Malnutrition is a common sequela of chronic pancreatitis (CP). Alterations in body composition and the assessment of sarcopenia have gained the interest of clinicians in recent years. There is a scarcity of data currently available concerning sarcopenia in patients with CP. This review aims to investigate the prevalence and impact of sarcopenia in CP.
Methods
Embase and Medline databases were used to identify all studies that evaluated sarcopenia and outcomes in patients with chronic pancreatitis. Due to paucity of data, conference abstracts were included. PRISMA guidelines for systematic reviews were followed.
Results
Six studies, with a total of 450 individuals were reviewed. Three full-text studies and three conference abstracts met the predetermined eligibility criteria.
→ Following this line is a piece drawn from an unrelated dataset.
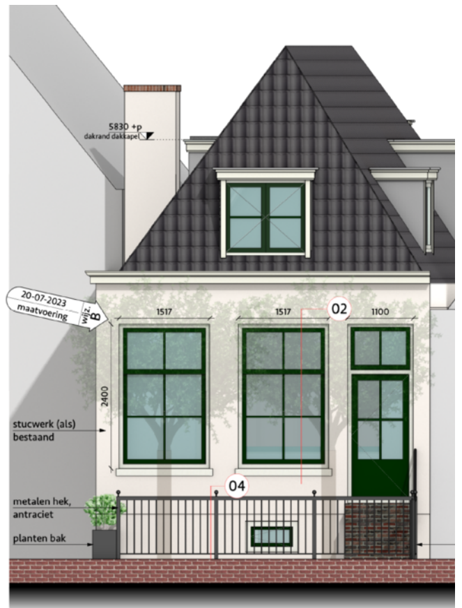
Achtergevel - NIEUW

The prevalence of sarcopenia in CP from all studies ranged from 17–62%. Pancreatic exocrine insufficiency was associated as an independent and significant risk factor for sarcopenia. Sarcopenia was found to be associated with a reduced quality of life, increased hospitalisation, and reduced survival. It was associated with significantly lower islet yield following total pancreatectomy with islet auto transplantation in CP.
Conclusion
The review of these existing studies amalgamates the limited data on sarcopenia and its impact on CP. It has shown that sarcopenia is exceedingly prevalent and an important risk factor in CP patients. The data presented emphasises that sarcopenia has a significant prognostic value and should be included in future prospective analyses in the outcomes of CP.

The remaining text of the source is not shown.